As described above, the influence of heat from the engine room 62 to the electrical component unit E can be reliably suppressed with a simple structure in which the space 72 is formed by the spacer 71 between the electrical component unit E and the covering member 67.

[Modification]
It should be noted that the present invention is not limited to the above-described embodiments, and modifications, improvements, and the like within the scope that can achieve the object of the present invention are included in the present invention.
For example, in the above-described embodiment, the support member 672 constitutes a part of the cover member 67. However, in the present invention, the support member may be configured as a separate member from the cover member. Specifically, the cover member is configured as a single member that covers the entire upper portion of the engine room 62, and a support member that is a separate member from the cover member is disposed immediately below the cover member and fixed to the counterweight 33 or the like. The support member is provided with a plurality of spacers penetrating the cover member, and the electrical component unit E is supported by the support member through the spacers. Such a configuration is also included in the present invention.

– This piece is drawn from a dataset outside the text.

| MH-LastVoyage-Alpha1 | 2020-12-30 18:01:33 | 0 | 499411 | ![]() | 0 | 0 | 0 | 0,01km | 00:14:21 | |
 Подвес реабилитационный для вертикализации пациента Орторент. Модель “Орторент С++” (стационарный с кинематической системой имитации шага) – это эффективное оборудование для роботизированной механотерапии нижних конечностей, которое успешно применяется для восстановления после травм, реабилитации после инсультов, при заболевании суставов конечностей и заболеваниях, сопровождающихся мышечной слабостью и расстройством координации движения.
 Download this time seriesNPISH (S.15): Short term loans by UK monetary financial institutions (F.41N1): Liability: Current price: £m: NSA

In the above embodiment, the cab 32 can be tilted. However, in the present invention, it does not matter whether the cab is tilted or not.
The electrical component unit used in the present invention is not limited to a control device used as a vehicle body controller or a communication terminal for communication, but may be a radio tuner, a battery, or the like. However, when a control device or a communication terminal having a low heat-resistant temperature is used, the effect of the present invention can be made more conspicuous. Therefore, it is desirable to configure an electrical component unit using them.
In addition, the electrical component unit need not be composed of a plurality of electrical components, and may be composed of a single electrical component.

The present invention can be suitably used particularly for a canopy type small hydraulic excavator.

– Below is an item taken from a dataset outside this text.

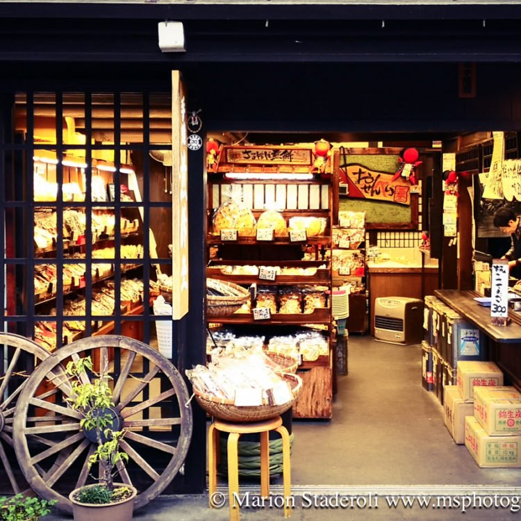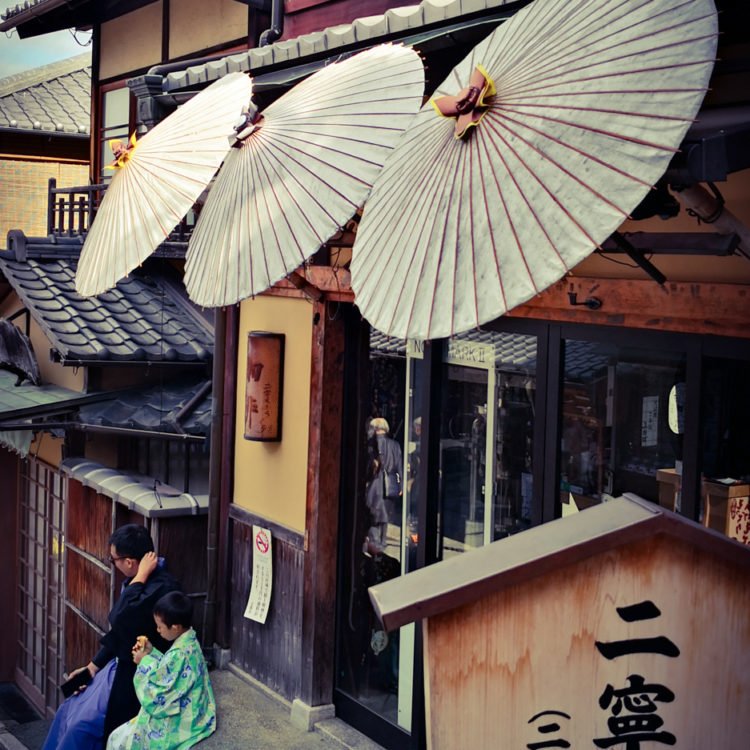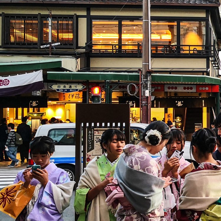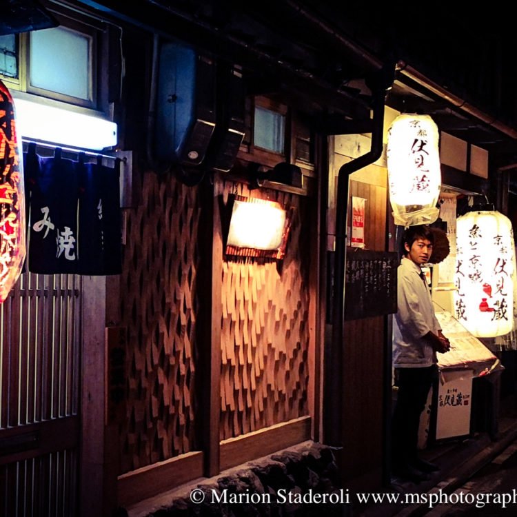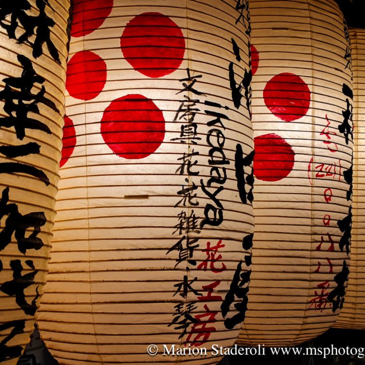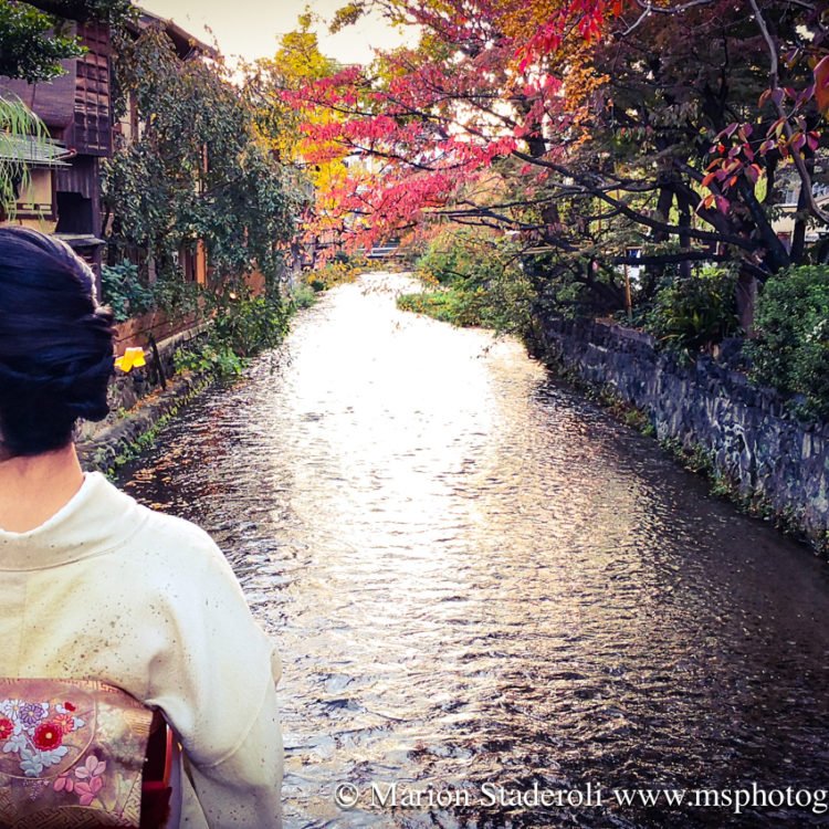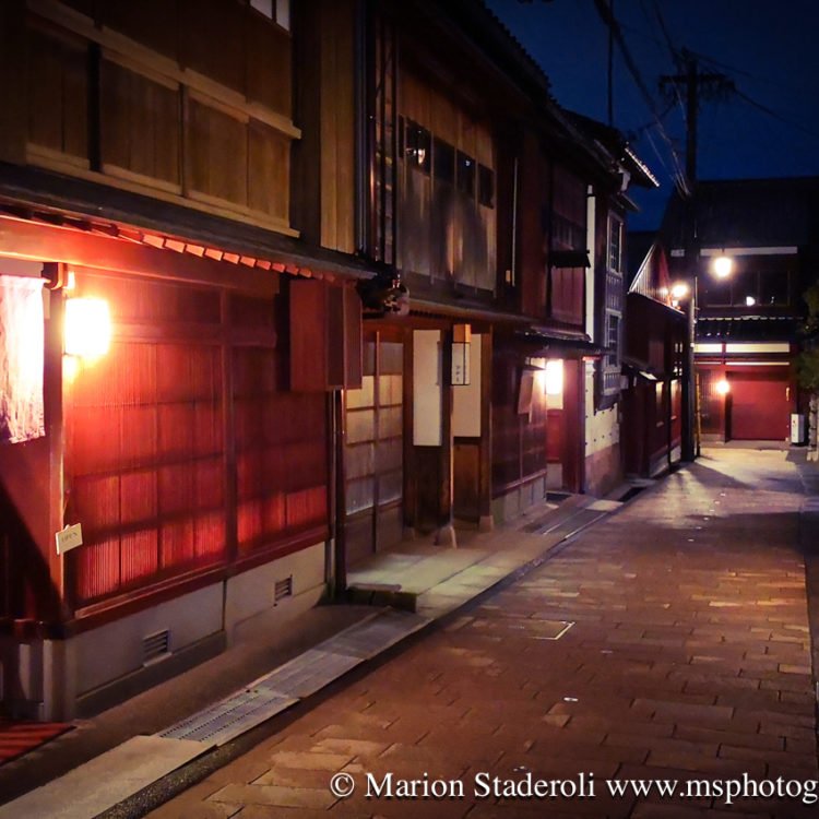 l'atmosphère des ruelles anciennes à la tombée du jour avec les lanternes dans les quartiers touristiques, leurs maisons en bois, la présence invisible des Geishas...

DESCRIPTION OF SYMBOLS 1 ... Hydraulic excavator, 3 ... Upper turning body, 61 ... Engine, 62 ... Engine room, 67 ... Cover member, E1, E2 ... Electrical component, E ... Electrical component unit, 71 ... Spacer, 672 ... Support member, 33 ... Counter Weight, 39F ... accommodating space, 52 ... bottom surface, 52A ... heat insulating material.

Claims

A hydraulic excavator provided with an upper swing body,
An engine room where the engine is located,
A covering member that seals and covers the top of the engine room;
An electrical component unit having electrical components;
A support member that supports the electrical component unit from below via a spacer,
The electric component unit is disposed above the cover member with the spacer interposed therebetween.
The hydraulic excavator according to claim 1,
The cover member is configured to include the support member.
The hydraulic excavator according to claim 1 or 2,
The hydraulic excavator, wherein the support member is disposed on a counterweight provided on an outer peripheral side of the upper swing body.
The hydraulic excavator according to any one of claims 1 to 3,
The electric component is accommodated in a sealed accommodation space.
The hydraulic excavator according to any one of claims 1 to 4,
The electrical component unit has a bottom surface;
A hydraulic excavator, wherein a heat insulating material is provided on a lower surface of the bottom surface portion.